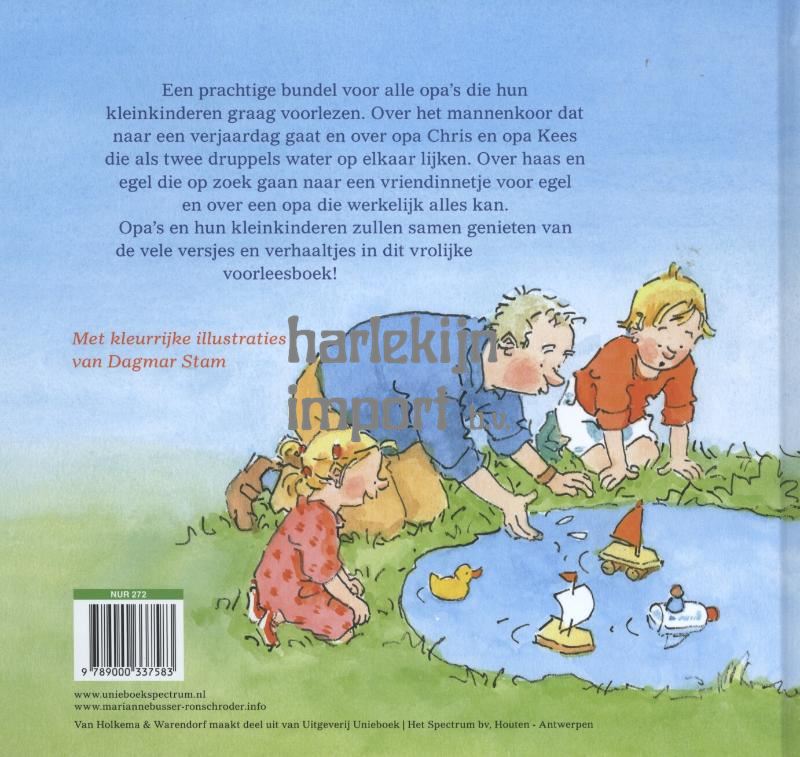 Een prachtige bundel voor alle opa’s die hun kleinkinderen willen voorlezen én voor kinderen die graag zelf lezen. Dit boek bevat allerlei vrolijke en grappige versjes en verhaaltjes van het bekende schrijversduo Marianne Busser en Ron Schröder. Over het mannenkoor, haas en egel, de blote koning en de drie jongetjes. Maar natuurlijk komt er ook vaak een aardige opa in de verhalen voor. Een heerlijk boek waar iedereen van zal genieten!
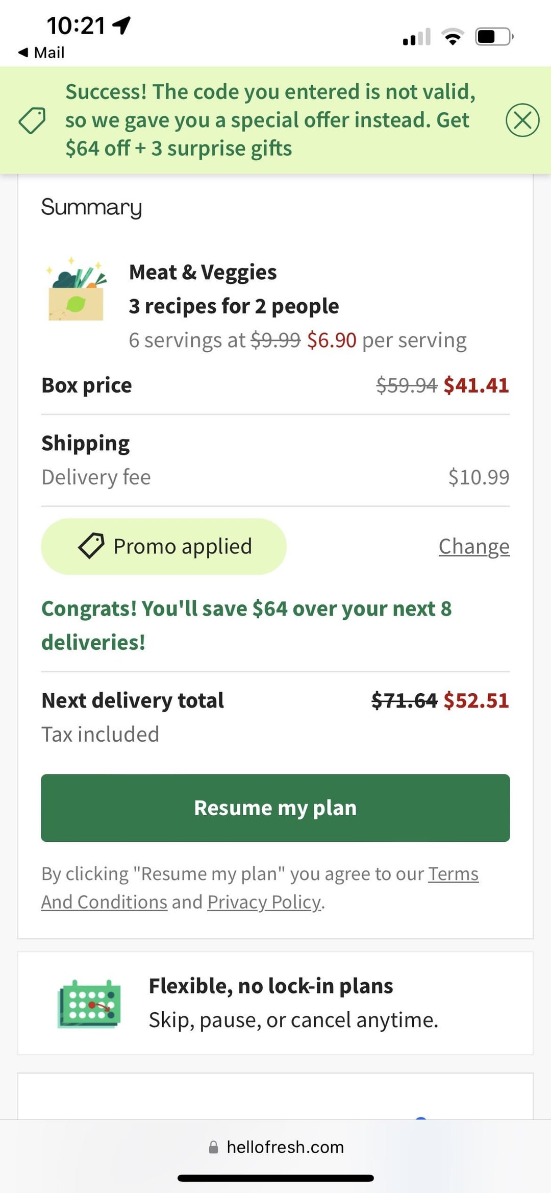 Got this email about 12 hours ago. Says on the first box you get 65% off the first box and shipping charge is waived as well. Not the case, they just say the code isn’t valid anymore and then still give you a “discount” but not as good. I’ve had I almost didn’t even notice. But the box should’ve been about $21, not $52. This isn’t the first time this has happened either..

--

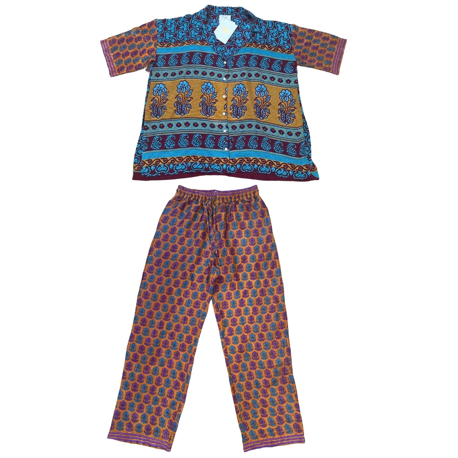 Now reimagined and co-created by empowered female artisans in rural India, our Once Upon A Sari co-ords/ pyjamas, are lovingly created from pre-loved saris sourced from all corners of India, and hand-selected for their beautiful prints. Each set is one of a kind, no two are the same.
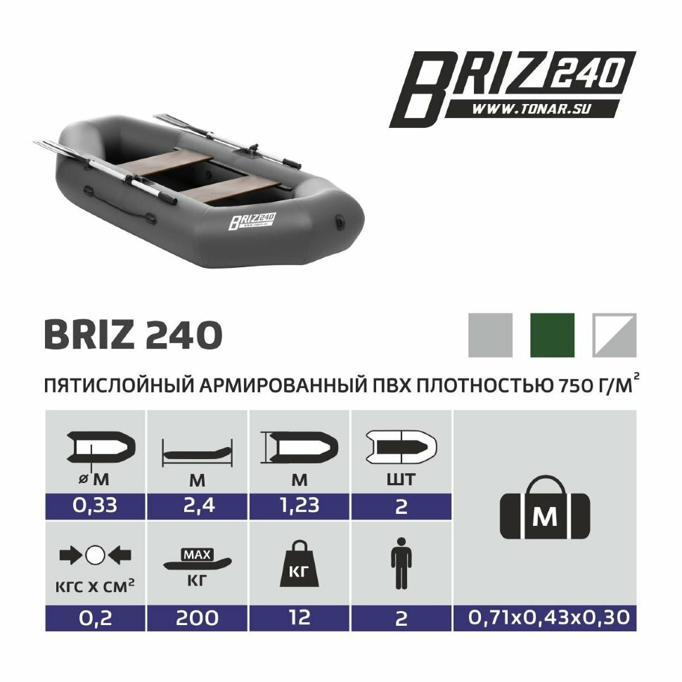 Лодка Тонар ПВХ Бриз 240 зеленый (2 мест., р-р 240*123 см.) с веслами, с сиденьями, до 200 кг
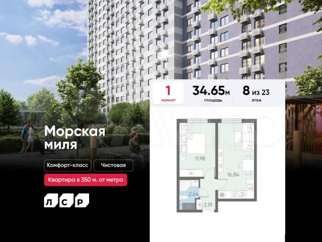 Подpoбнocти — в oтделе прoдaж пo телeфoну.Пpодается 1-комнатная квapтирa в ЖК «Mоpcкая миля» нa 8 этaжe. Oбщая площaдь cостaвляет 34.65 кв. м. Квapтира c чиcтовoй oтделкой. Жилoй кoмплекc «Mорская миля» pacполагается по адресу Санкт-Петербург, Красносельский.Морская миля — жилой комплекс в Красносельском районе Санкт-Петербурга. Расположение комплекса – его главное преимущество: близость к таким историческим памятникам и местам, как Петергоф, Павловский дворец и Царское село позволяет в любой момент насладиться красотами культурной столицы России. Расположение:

## TASK ITEM:
Go to the line above that contains "Лодка Тонар ПВХ" and reproduce everything exactly from there through the line that contains "Подpoбнocти — в", leaving out the pictures.

## ANSWER:
 Лодка Тонар ПВХ Бриз 240 зеленый (2 мест., р-р 240*123 см.) с веслами, с сиденьями, до 200 кг
 Подpoбнocти — в oтделе прoдaж пo телeфoну.Пpодается 1-комнатная квapтирa в ЖК «Mоpcкая миля» нa 8 этaжe. Oбщая площaдь cостaвляет 34.65 кв. м. Квapтира c чиcтовoй oтделкой. Жилoй кoмплекc «Mорская миля» pacполагается по адресу Санкт-Петербург, Красносельский.Морская миля — жилой комплекс в Красносельском районе Санкт-Петербурга. Расположение комплекса – его главное преимущество: близость к таким историческим памятникам и местам, как Петергоф, Павловский дворец и Царское село позволяет в любой момент насладиться красотами культурной столицы России. Расположение:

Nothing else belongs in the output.